Em janeiro deste ano, a Universidade da Carolina do Norte, nos Estados Unidos, fez uma pesquisa sobre os efeitos das redes sociais em adolescentes, que revelou: o uso das plataformas, sem um cuidado com o tempo em que se passa por lá, pode gerar grandes alterações no cérebro. E não só isso, influenciam comportamentos de curto prazo. O estudo mostrou, por exemplo, que aqueles que usam muito as redes ficam mais sensíveis a recompensas e punições sociais em suas vidas.
Recompensa é aquele prazer que sentimos quando uma publicação faz as pessoas curtirem, comentarem, mais gente chegar para nos seguir. Punição social é quando o contrário disso acontece. Não é à toa que chamam de tribunal das redes sociais.
Acontece que nem todos e todas nós estamos preparados, ou melhor, fomos preparados, para entender que a Internet, em especial as redes sociais, são uma simulação da vida e não a vida em si. O que se conta por lá não é necessariamente quem a gente é ou está, um ser humano com erros, acertos, dúvidas e contradições, mas uma idealização de nós para o outro.
É como se você e eu fossemos diretores de um filme, escolhendo quais cenas contar na tela do cinema e quais não contar. No nosso filme, é óbvio que a gente sempre vence o vilão.
Acontece que quem está do outro lado, assistindo ao nosso filme, não sabe necessariamente que muitas vezes a gente perde. E perde feio. De repente, quem nos assiste todos os dias já passou a acreditar que se a sua vida não for vitoriosa do jeito que sempre vê ali, épica do jeito que sempre vê ali, feliz do jeito que sempre vê ali, alguma coisa está muito errada com o seu jeito de viver. E isso não necessariamente é verdade. E isso, necessariamente, traz muitas questões que precisamos conversar seriamente no futuro. Com todo mundo.

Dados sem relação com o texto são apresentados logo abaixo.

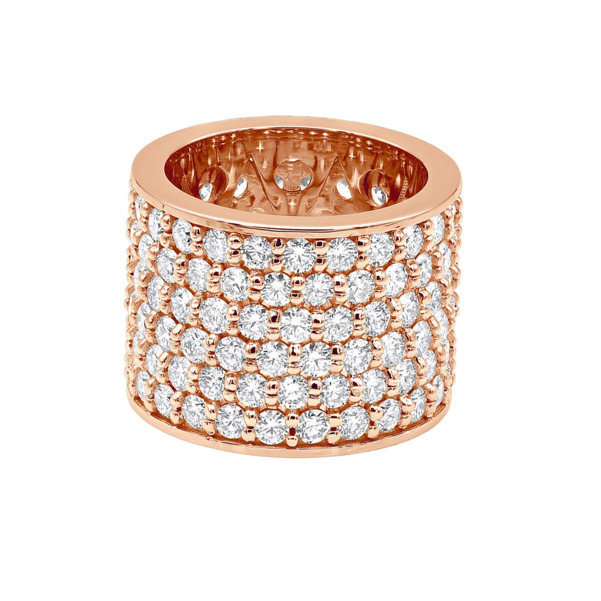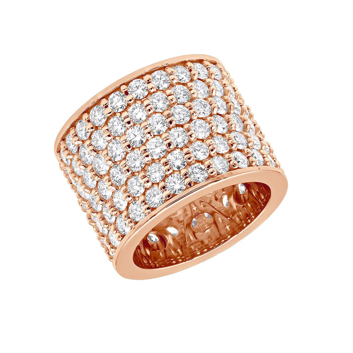 From our diamond eternity bands and ladies diamond anniversary rings collection: This stunning Unique 18K Gold Diamond Eternity Band for Women showcases the dazzling charm of 7 carats of naturally mined round cut diamonds pave set into 6 full circles creating a striking and unforgettable 16mm (11/16in.) band. The highly polished 18K gold band presents sparkling VS-SI quality diamonds weighing 7 carats. Elegantly wrapping the finger, this band possesses endless brilliance and can be worn as an anniversary ring, cocktail ring, right hand ring or a very special wedding band. Choose this fantastic band crafted from the finest 18K white, yellow or rose gold. It will astound everyone with its quality and definitely leave a long lasting impression!
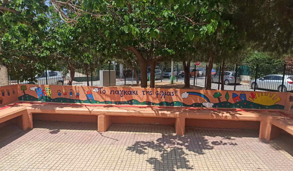 Το παγκάκι το φιλοτέχνησαν τα παιδιά των Α’ και Στ’ τάξεων από κοινού, στα πλαίσια του προγράμματος “υιοθεσίας” των μαθητών της Α’ τάξης από τους μαθητές της Στ’ τάξης.

Não sou especialista nem estudioso do assunto, mas tenho me interessado em conversar mais sobre quais histórias temos contado e escutado sobre nós mesmos nas redes sociais. E quais são os caminhos que temos hoje, e que precisaremos inventar, para nos proteger de uma promessa inatingível de vida, felicidade e relações, que tem produzido tristeza em tanta gente ao mesmo tempo.